◆ **What the task requires**: Instruction for the listing below: copy exactly, and only, the lines from the one holding "Dieses L-förmige Gebäude" through its last line, omitting any picture.
**** Information provided ****
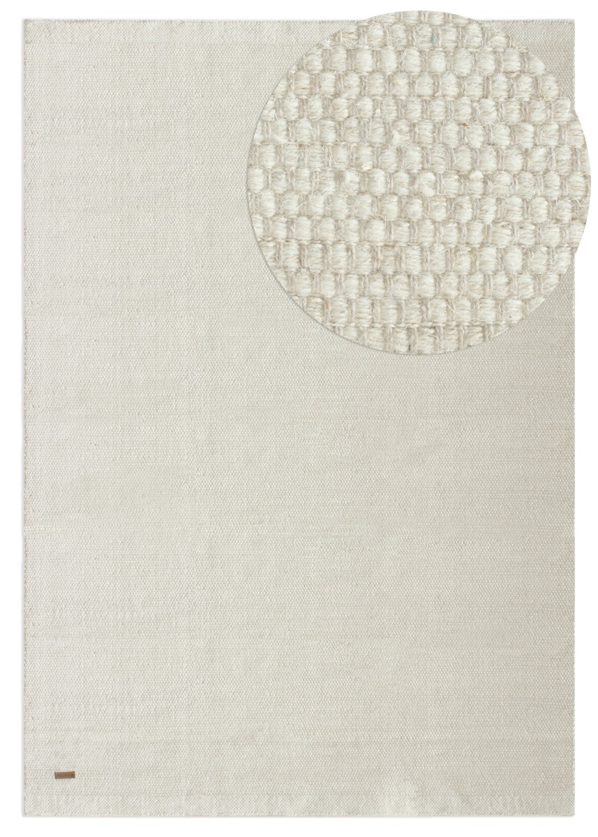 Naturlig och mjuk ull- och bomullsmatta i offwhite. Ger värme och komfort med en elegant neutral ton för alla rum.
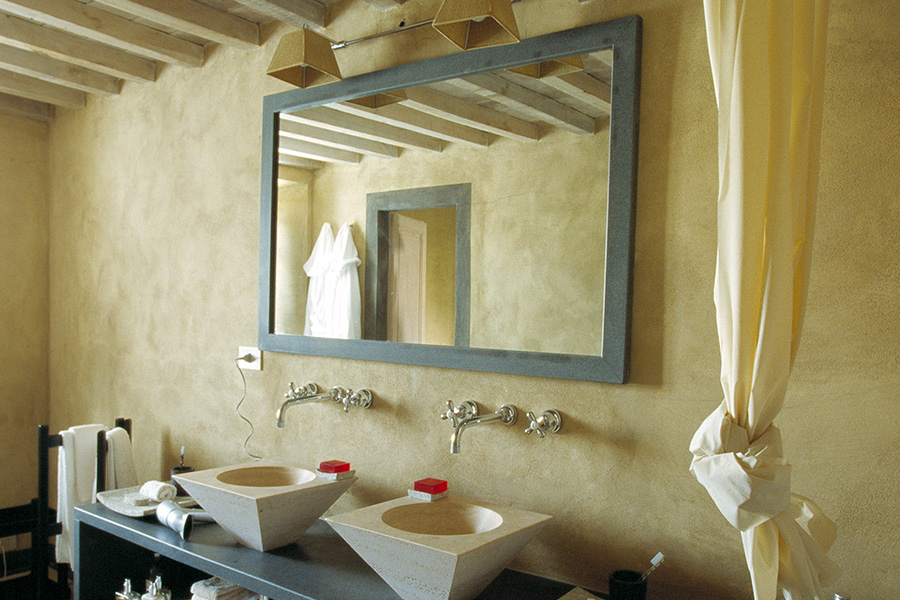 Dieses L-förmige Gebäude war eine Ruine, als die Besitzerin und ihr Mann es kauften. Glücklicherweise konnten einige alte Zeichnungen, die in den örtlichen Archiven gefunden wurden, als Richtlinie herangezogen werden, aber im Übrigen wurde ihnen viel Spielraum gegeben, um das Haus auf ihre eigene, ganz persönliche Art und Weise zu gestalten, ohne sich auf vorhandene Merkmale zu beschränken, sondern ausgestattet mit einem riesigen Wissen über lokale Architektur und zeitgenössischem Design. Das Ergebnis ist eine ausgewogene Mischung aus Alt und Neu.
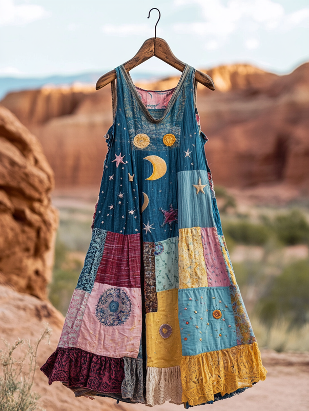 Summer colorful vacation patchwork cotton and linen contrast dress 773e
****
◆ **The completed task**:
 Dieses L-förmige Gebäude war eine Ruine, als die Besitzerin und ihr Mann es kauften. Glücklicherweise konnten einige alte Zeichnungen, die in den örtlichen Archiven gefunden wurden, als Richtlinie herangezogen werden, aber im Übrigen wurde ihnen viel Spielraum gegeben, um das Haus auf ihre eigene, ganz persönliche Art und Weise zu gestalten, ohne sich auf vorhandene Merkmale zu beschränken, sondern ausgestattet mit einem riesigen Wissen über lokale Architektur und zeitgenössischem Design. Das Ergebnis ist eine ausgewogene Mischung aus Alt und Neu.
 Summer colorful vacation patchwork cotton and linen contrast dress 773e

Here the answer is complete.